You respond without thought, stepping forward and taking your axe out of the boy’s hand. He resists for the briefest of moments, but relents, lets the handle slide from his grip to yours. He disappears from your notice after that, and you take up position in front of the edelwood, swing and bury the axe’s head deep into the wood. Your arms are weak, you’re out of practice, but your body remembers the form. You find your rhythm, settle back into it as though you never even stopped, and steadily work your way through the trunk.
When the tree finally groans its surrender and crashes to the forest floor, the sun has sunk to the horizon. You wipe the sweat from your brow and try to shake out the aches from your arm, and finally turn back to the clearing.
The Beast is waiting for you, watching you with luminous, unreadable eyes.

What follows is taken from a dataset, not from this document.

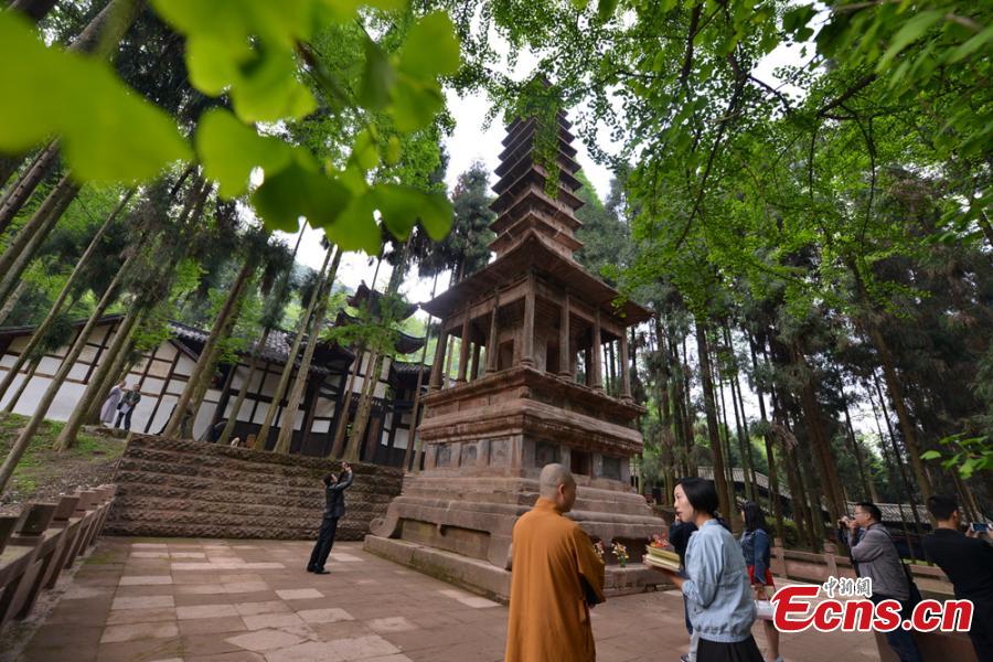 | A group of investigators, including Buddhists and archaeologists, inspect a stone pagoda in Qionglai city, Southwest China’s Sichuan province, April 13, 2015. Sources say sarira of Sakyamuni, relics of the Buddha after cremation, is stored in the 800-year-old building. (Photo: China News Service/Zhang Lang) |

The boy is gone, off to wander aimlessly through the woods. You try to sympathise, and fail. The edelwood makes a slick, dark oil, and the lantern consumes it greedily until the flame is huge and bright against the early darkness of the summer night.
When you start walking again, there’s a hand on your shoulder and one on your hip, a voice low in your ear whispering directions and a single, brief apology. You tell him you accept it, though you are not foolish enough to believe it, and you relax into the sound of his singing as you walk through the night.